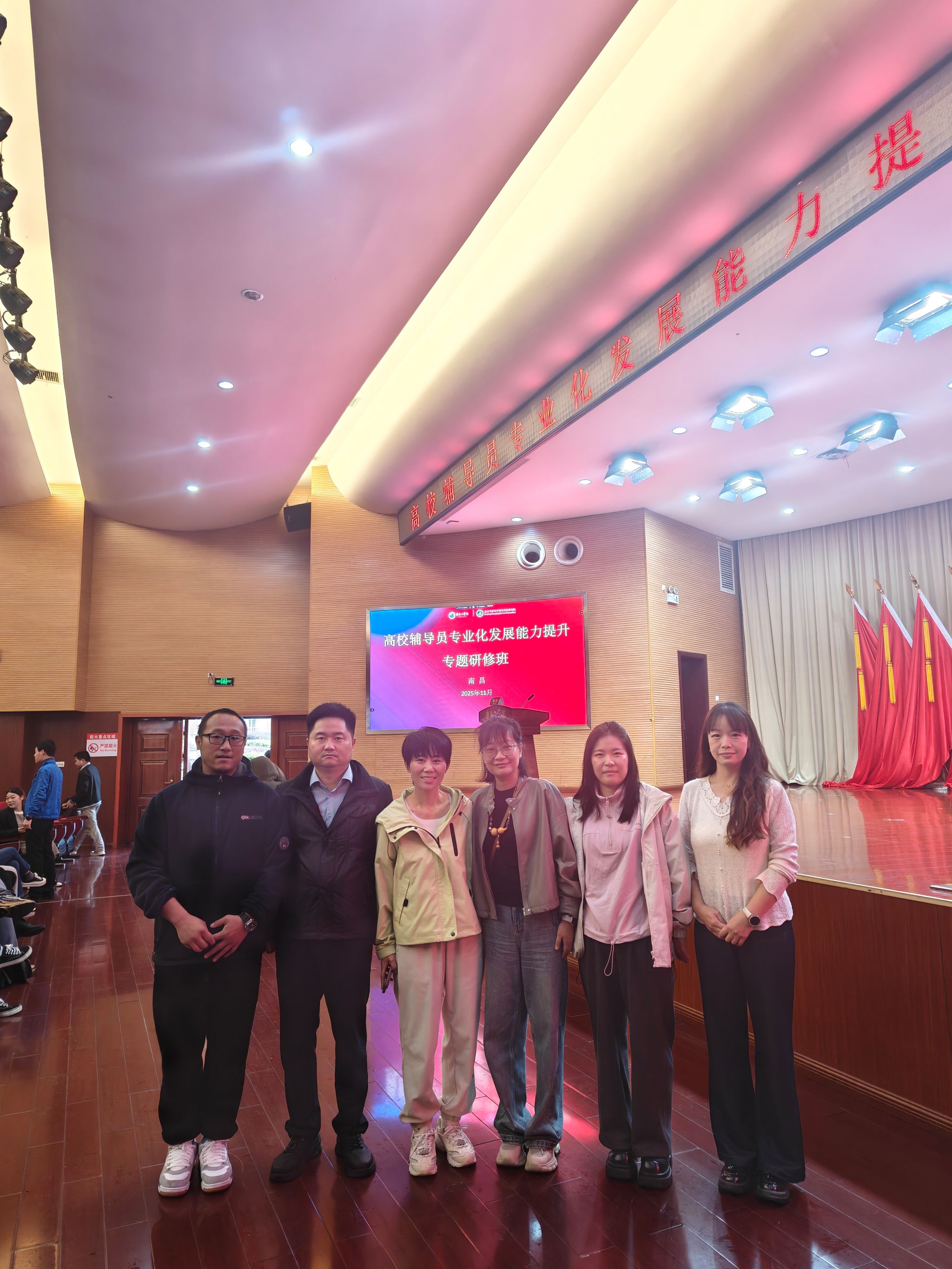 为深化立德树人工作任务,提升辅导员思想政治教育的实效性与时代适应性,11月7日-10日,学工部组织辅导员何鹏程、王娟等一行6人赴南昌市参加辅导员专业化发展能力提升专题研修班。
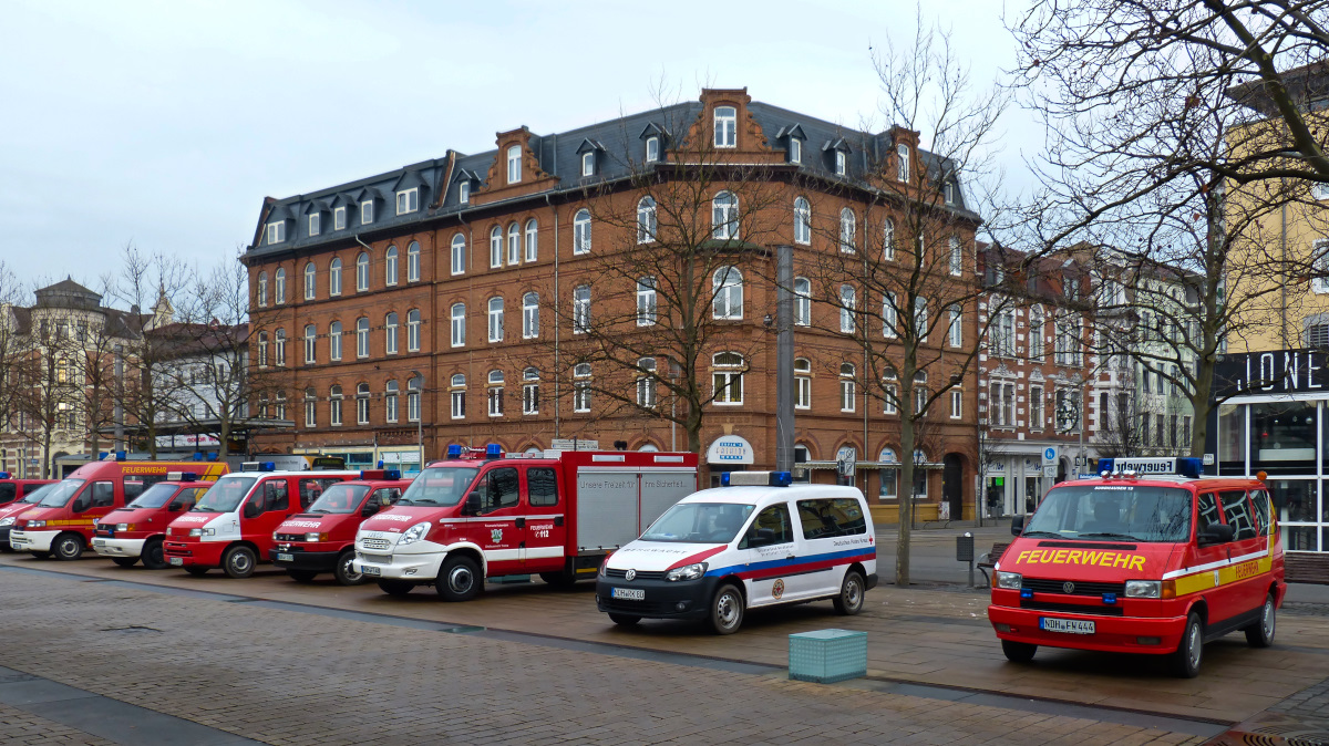 Zur Friedenslicht-Anzündung kam am 20.12.2015 auf dem Bahnhofsvorplatz von Nordhausen zum Zusammentreffen von Feuerwehrfahrzeugen des ganzen Landkreises
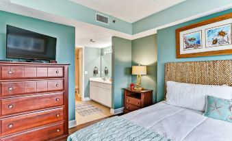 The condo features one bedroom and two baths with an open floor plan and private balcony, offering breathtaking ocean views. It has a king bed, a pull-out sofa in the living room, a fully-equipped kitchen, a washer and dryer, cable TV, and fast wi-fi. There are 2 bicycles available for those who enjoy an active lifestyle! For those who like to sit and relax, beach chairs and umbrellas are also available!
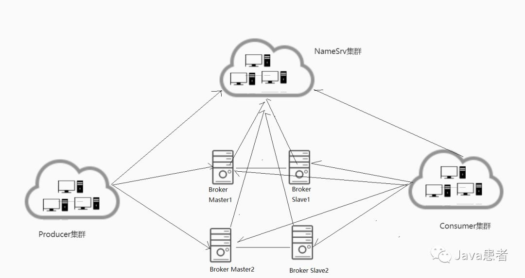 Producer: 与Namesrv集群中的一个节点建立长连接,定期从Namesrv取Topic路由信息,并向提供Topic服务的Master建立长连接,且定时向Master发送心跳。
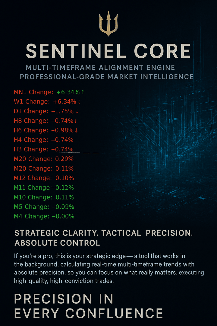 Every permutation is available. Over 177,000+ combinations, all under your command.Sentinal Core is a professional-grade logic engine that scans up to 11 timeframes and filters signals based on configurable percentage change thresholds. Designed for precision confirmation in high-stakes environments. Ideal for funded traders, discretionary strategists, and tactical scalpers.
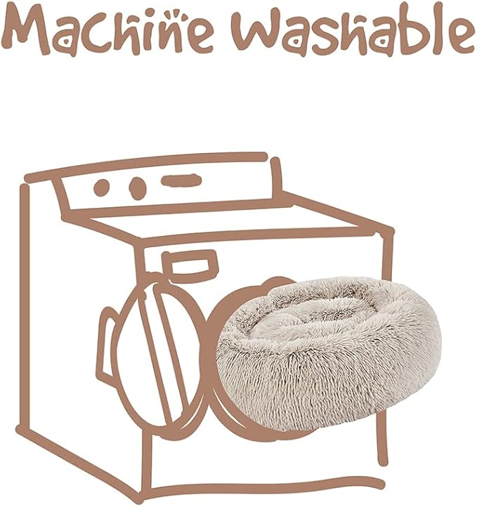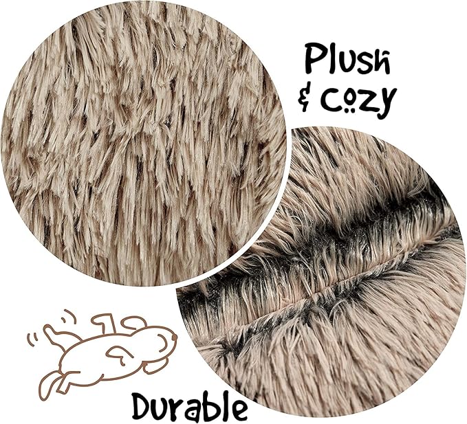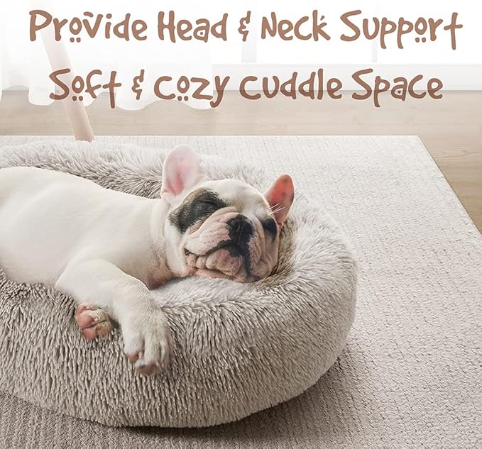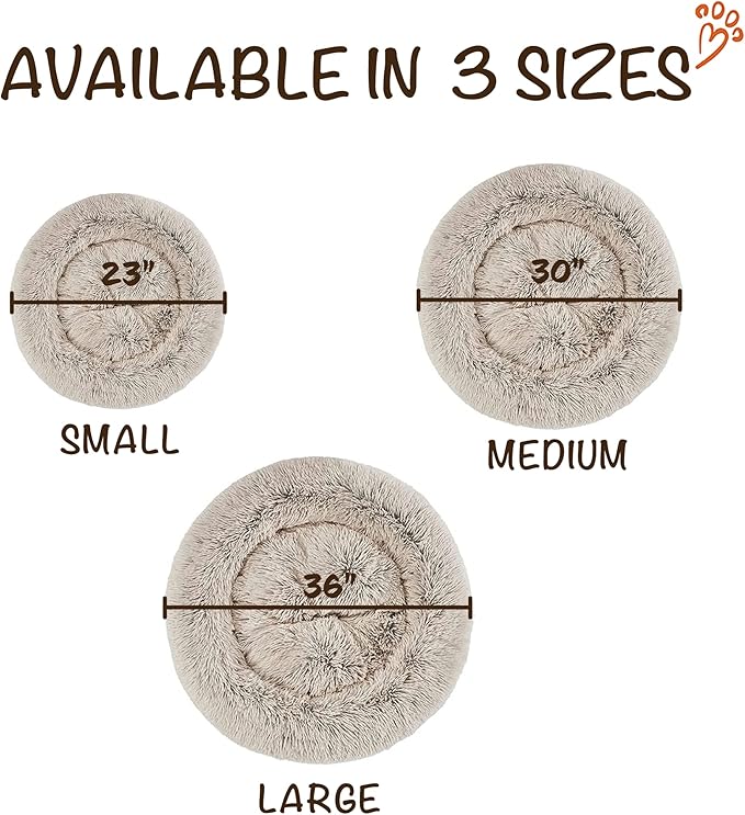 Friends Forever Donut Dog Bed Faux Fur Fluffy Calming Sofa For Large Dogs, Soft & Plush Anti Anxiety Pet Couch For Dogs, Machine Washable Coco Pet Bed with Non-Slip Bottom, 36"x36"x8" Tan

§ Problem to work on
In the answer, give only the lines from the top of the data above through the line with "Zur Friedenslicht-Anzündung kam", reproduced exactly; no picture may appear.

§ Response to the exercise
 为深化立德树人工作任务,提升辅导员思想政治教育的实效性与时代适应性,11月7日-10日,学工部组织辅导员何鹏程、王娟等一行6人赴南昌市参加辅导员专业化发展能力提升专题研修班。
 Zur Friedenslicht-Anzündung kam am 20.12.2015 auf dem Bahnhofsvorplatz von Nordhausen zum Zusammentreffen von Feuerwehrfahrzeugen des ganzen Landkreises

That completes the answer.